- Official logo of Dolores
- location of Dolores Partido in Buenos Aires Province
- Coordinates: 36°19′S 57°40′W﻿ / ﻿36.317°S 57.667°W
- Country: Argentina
- Established: 17 August 1817; 208 years ago
- Founded by: Ramón Lara
- Seat: Dolores

Government
- • Intendant: Juan Pablo García (Homeland Force)

Area
- • Total: 1,980 km^{2} (760 sq mi)

Population
- • Total: 25,980
- • Density: 13.1/km^{2} (34.0/sq mi)
- Demonym: dolorense
- Postal Code: B7100
- IFAM: BUE034
- Area Code: 02245
- Patron saint: Nuestra Señora de Dolores
- Website: dolores.gob.ar

= Dolores Partido =

Dolores Partido is a partido in the eastern part of Buenos Aires Province in Argentina. It borders the partidos of Castelli, Tordillo, Maipú, General Guido and Pila.

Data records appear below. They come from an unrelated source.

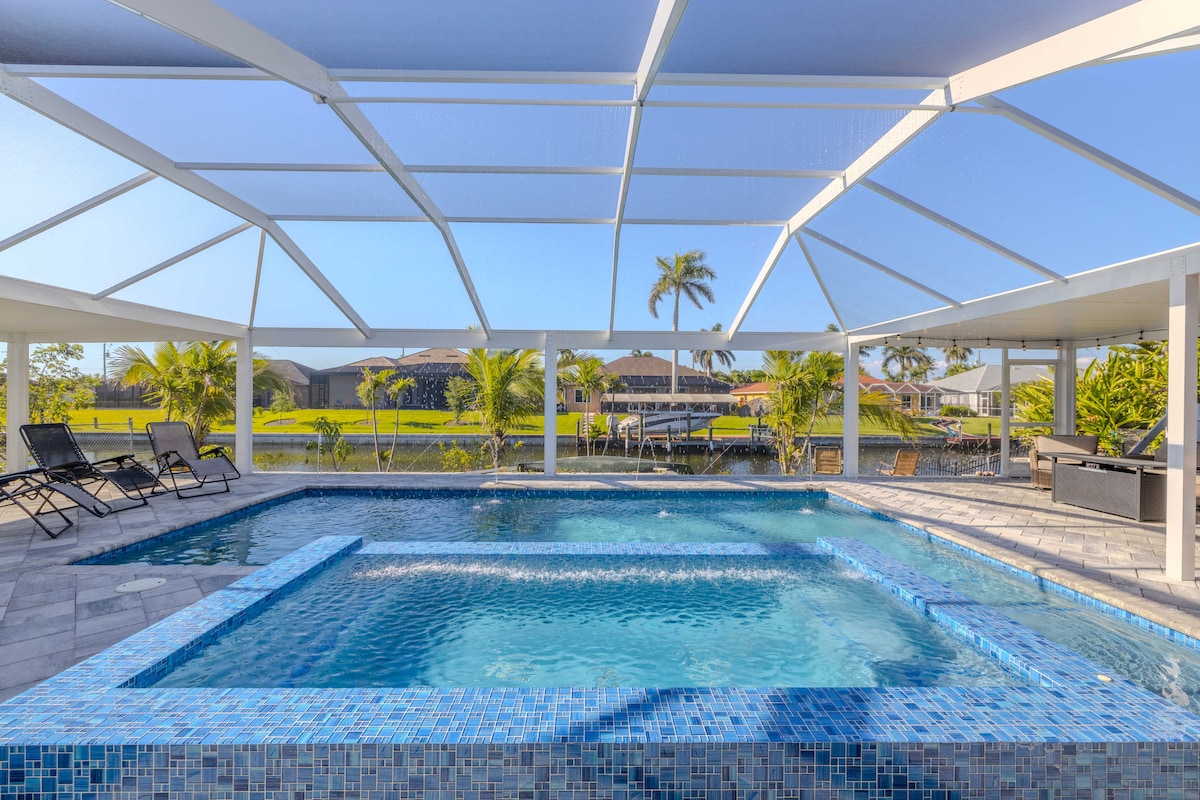 -All you need private retreat, 1 mile to downtown Cape Coral, 20 min to downtown Fort Myers & 25 min to Sanibel -Canalfront with heated pool & infinity-edge spa -Steam shower & spa-style toilets for a touch of pampering -Putting green & kayaks for outdoor family fun -Jet ski lift & 55’ boat dock—bring your water toys! -4 bikes for exploring the neighborhood -Garage gym -Tiki hut & outdoor lounge for family hangouts -Game room with pool table, shuffleboard, piano & karaoke—endless entertainment!
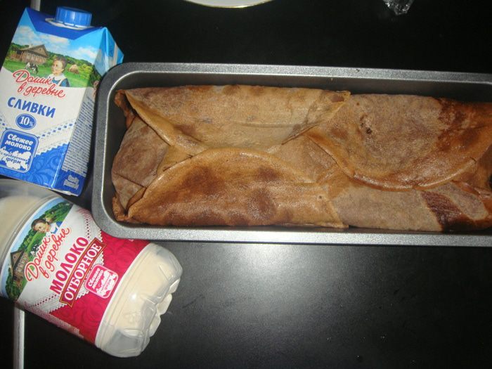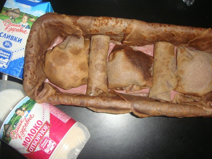 Теперь соберем тортик: блинчики из кружек выложить в основную форму на застывший мусс. В промежутках уложить блинчики, свернутые трубочкой.
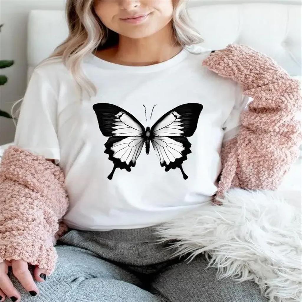 Women Clothing Butterfly Lovely Letter 90s Casual Tee Summer Short Sleeve T Female Fashion Printed Clothes Graphic T-shirts
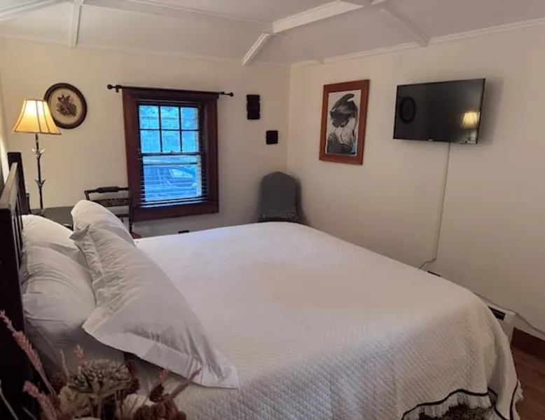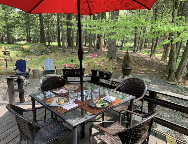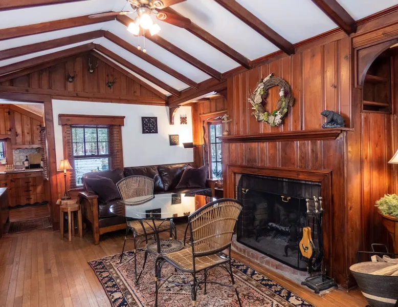 On arrival you will feel like you are in a fairy tale at Enchanted Fox Dell Cottage, presented by StayBettr Vacation Rentals. Nooks and crannies abound at this lovingly maintained cottage. Original wood features and inviting bay windows adorn the home. Yet modern luxuries abound in the recently renovated bathroom suite. On cold Catskills winter nights, the fireplace will be a center of conversation and games for your group. The space Outdoors you'll have expansive decks and shaded dining area to enjoy the mountain breezes, sunsets, and stars here in the Catskills. The back deck includes a gas and table seating for 4. There is also a creek-side fire ring in the backyard. Detailed Information on Spaces (See Floorplans in Photos): Main Level: Bedroom 1: King Bed, TV Bedroom 2: Full Bed. TV Bedrooms 1 and 2 share a bathroom with shower. Guest access Guests will have access to the entire property. Other things to note You will be required to sign a rental agreement after the booking is confirmed. Full terms of the agreement are available on request. Additionally, you will be required to upload an approved government identification card or passport when you complete the rental agreement. If you have questions about either of these requirements please message us prior to booking. Fees may apply for early check-ins, late check-outs, and additional optional services. We monitor for compliance to occupancy rules using various technologies at the property. This home is pet free. No exceptions. No more than 2 cars allowed.

The provincial subdivision has a population of about 32,000 inhabitants in an area of 1980 km2, and its capital city is Dolores, 210 km from Buenos Aires.

==Settlements==
- Dolores (pop. 24,120)
- Sevigne (pop. 286)
- Paraje Los Sauquitos
- Paraje Parravicini
- Paraje Sol de Mayo

==History==
- 1806 at the end of the Spanish colonial times, the countryside of Buenos Aires extended north of the Salado River, protected against the natives by forts. The few populated towns, near its right bank, were starting to encroach the vast territories of the native people, who lived in great numbers near Samborombón Bay. To the south of the Salado, a small fort was built, to provide defense for several ranches in the area.
- 1817, the area of "Pago de Dolores" is formed.
- 1821, the natives razed the town, which is rebuilt.
- 1825, the Monsalvo district is adjoined.
- 1831, a Justice of the Peace court is opened, separating itself from "Partido de Monsalvo".
- 1839 the area of the Partido is reduced by a federal decree that divides the area in thirds: Tordillo, Pila and Dolores.
- 1865, the borders of the Partido are defined.